=== Begin Enclosure ===

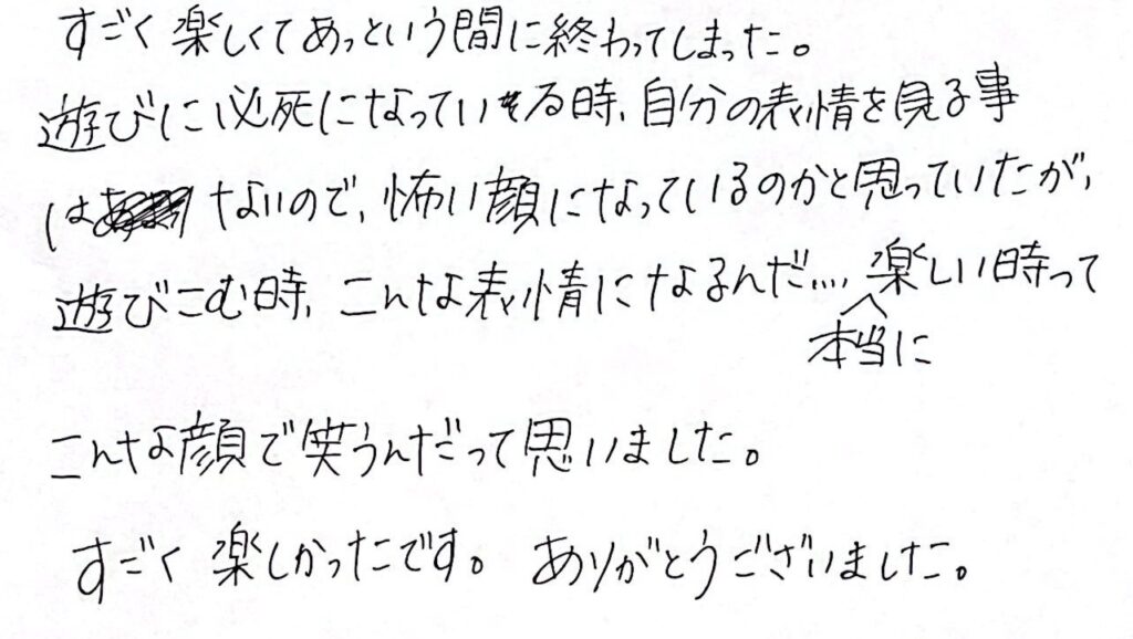 すごく楽しくて、あっという間に終わってしまった。遊びに必死になっている時、自分の表情を見る事は無いので、怖い顔になっているかと思っていたが、遊び込むとき、こんな表情になるんだ…本当に楽しい時ってこんな顔で笑うんだって思いました。すごく楽しかったです。ありがとうございました。
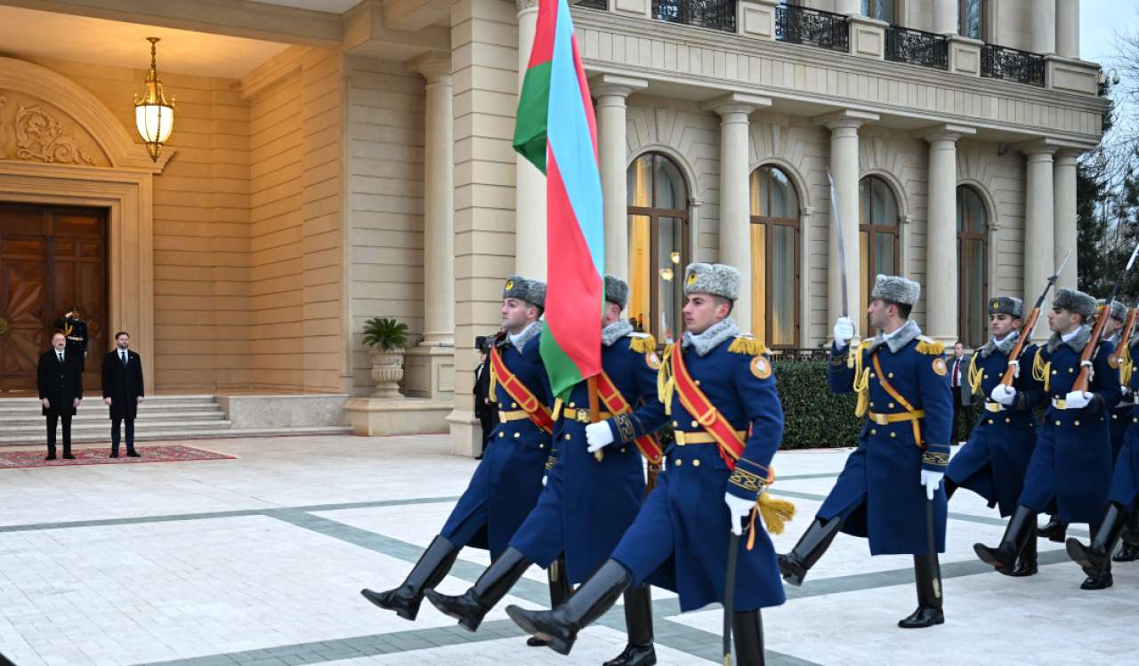 The guard of honor marched past President Ilham Aliyev and Vice President JD Vance to the accompaniment of a military march.
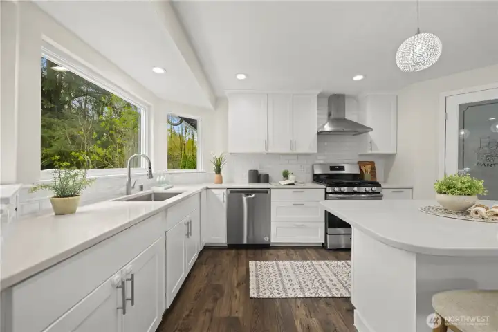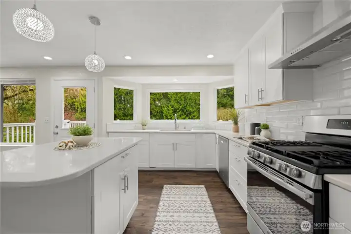 Beautifully updated kitchen with all the modern amenities, walk in pantry and gas stove
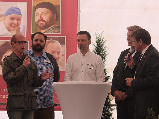 Nach einer Begrüßung durch KJF-Direktor Michael Eibl folgte ein Podiumsgespräch mit Ehrengästen, darunter Bezirkstagspräsident Franz Löffler, Landtagsabgeordneter Tobias Reiß und Bürgermeister Roland Grillmeier. Aus dem Werkstattrat kamen Jürgen Lauterbach und aus dem Bewohnerrat Michael Wittmann zu Wort. Bezirkstagspräsident Löffler lobte das Engagement und die Arbeit der beiden KJF-Einrichtungen. „Wenn wir die Einrichtungen nicht hätten, könnten wir unsere Arbeit nicht machen.“ Auch Tobias Reiß stellte den Stellenwert der Einrichtungen für die Gesellschaft heraus. Es sei wichtig, dafür zu sorgen, dass diese Arbeit auch finanziert werde. Seinen Respekt zollte Bürgermeister Roland Grillmeier allen, die über die vielen Jahre hinweg so viel geleistet hatten: „Werkstatt und Wohnheim gehören zu unserer Stadt. Ein tolles Miteinander, auf das wir stolz sein können.“ Roland Grillmeier nahm das Fest gleich zum Anlass für ein Geschenk und überreichte einen 500 Euro-Spendenscheck. Aus der Firma Schott kam Günter Schedl, Manager Production-/ Transportplanning SCHOTT AG, zu Wort. Er bedankte sich für die Qualität der Arbeit in den Stiftlandwerkstätten: „Schnell, flexibel und pragmatisch“, werde dort gearbeitet.
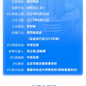 2022年度已上市A股企业从申报到上市的平均天数为403.6天,海创药业的上市周期是328天,低于整体均值。
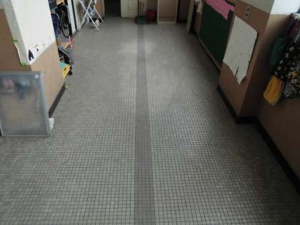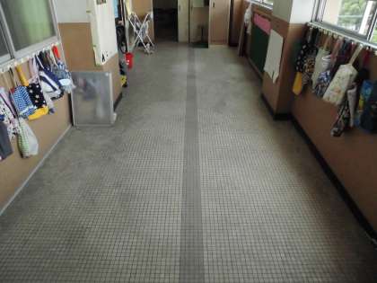 少しずつ汚れが落ちていますね。きれいなろうかに仕上げたいですね。
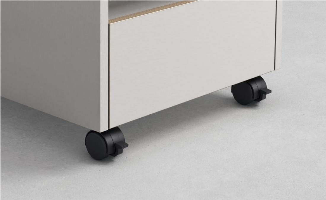 | FULL-EXTENSION 레일 FULL-EXTENSION 고급 레일을 사용하여 서랍을 부드럽게 열 수 있을 뿐 아니라 속서랍이 끝까지 인출되어 전체 공간을 효율적으로 사용할 수 있습니다. | 브레이크 캐스터 캐스터 4개 모두에 브레이크 기능이 있어 자유로운 이동과 고정이 모두 가능합니다. |
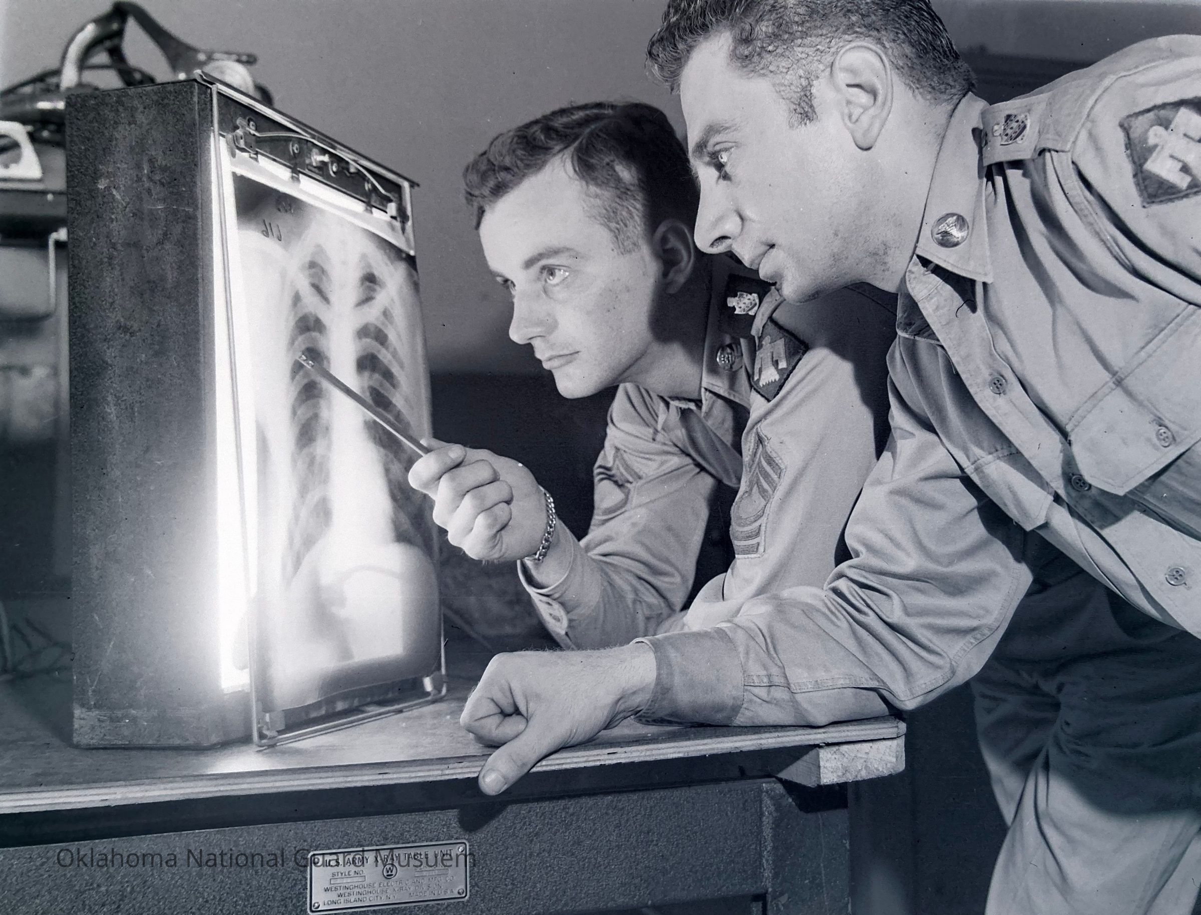 Negative of two soldiers examining a chest X-Ray. 120th Medical
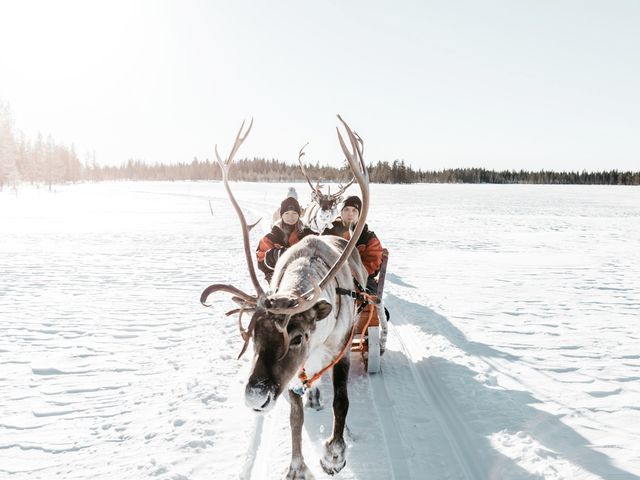 可愛らしいトナカイが引っぱるそりで、神秘的な雰囲気を放つ冬の森へ。大昔からラップランドの人々の衣・食・交通を支えてきたトナカイ達とのふれあいは、忘れられない思い出になりますよ。19:00の回では運が良ければオーロラが見られるかも♪名物のホットベリージュースとスナックもご用意しています。

=== End Enclosure ===

• **TRY IT**: Your task is to give again, unchanged, the lines from the line that contains "Nach einer Begrüßung" to the end of the records. Include both end lines but no pictures.

• **SOLVED EXERCISE**:
 Nach einer Begrüßung durch KJF-Direktor Michael Eibl folgte ein Podiumsgespräch mit Ehrengästen, darunter Bezirkstagspräsident Franz Löffler, Landtagsabgeordneter Tobias Reiß und Bürgermeister Roland Grillmeier. Aus dem Werkstattrat kamen Jürgen Lauterbach und aus dem Bewohnerrat Michael Wittmann zu Wort. Bezirkstagspräsident Löffler lobte das Engagement und die Arbeit der beiden KJF-Einrichtungen. „Wenn wir die Einrichtungen nicht hätten, könnten wir unsere Arbeit nicht machen.“ Auch Tobias Reiß stellte den Stellenwert der Einrichtungen für die Gesellschaft heraus. Es sei wichtig, dafür zu sorgen, dass diese Arbeit auch finanziert werde. Seinen Respekt zollte Bürgermeister Roland Grillmeier allen, die über die vielen Jahre hinweg so viel geleistet hatten: „Werkstatt und Wohnheim gehören zu unserer Stadt. Ein tolles Miteinander, auf das wir stolz sein können.“ Roland Grillmeier nahm das Fest gleich zum Anlass für ein Geschenk und überreichte einen 500 Euro-Spendenscheck. Aus der Firma Schott kam Günter Schedl, Manager Production-/ Transportplanning SCHOTT AG, zu Wort. Er bedankte sich für die Qualität der Arbeit in den Stiftlandwerkstätten: „Schnell, flexibel und pragmatisch“, werde dort gearbeitet.
 2022年度已上市A股企业从申报到上市的平均天数为403.6天,海创药业的上市周期是328天,低于整体均值。
 少しずつ汚れが落ちていますね。きれいなろうかに仕上げたいですね。
 | FULL-EXTENSION 레일 FULL-EXTENSION 고급 레일을 사용하여 서랍을 부드럽게 열 수 있을 뿐 아니라 속서랍이 끝까지 인출되어 전체 공간을 효율적으로 사용할 수 있습니다. | 브레이크 캐스터 캐스터 4개 모두에 브레이크 기능이 있어 자유로운 이동과 고정이 모두 가능합니다. |
 Negative of two soldiers examining a chest X-Ray. 120th Medical
 可愛らしいトナカイが引っぱるそりで、神秘的な雰囲気を放つ冬の森へ。大昔からラップランドの人々の衣・食・交通を支えてきたトナカイ達とのふれあいは、忘れられない思い出になりますよ。19:00の回では運が良ければオーロラが見られるかも♪名物のホットベリージュースとスナックもご用意しています。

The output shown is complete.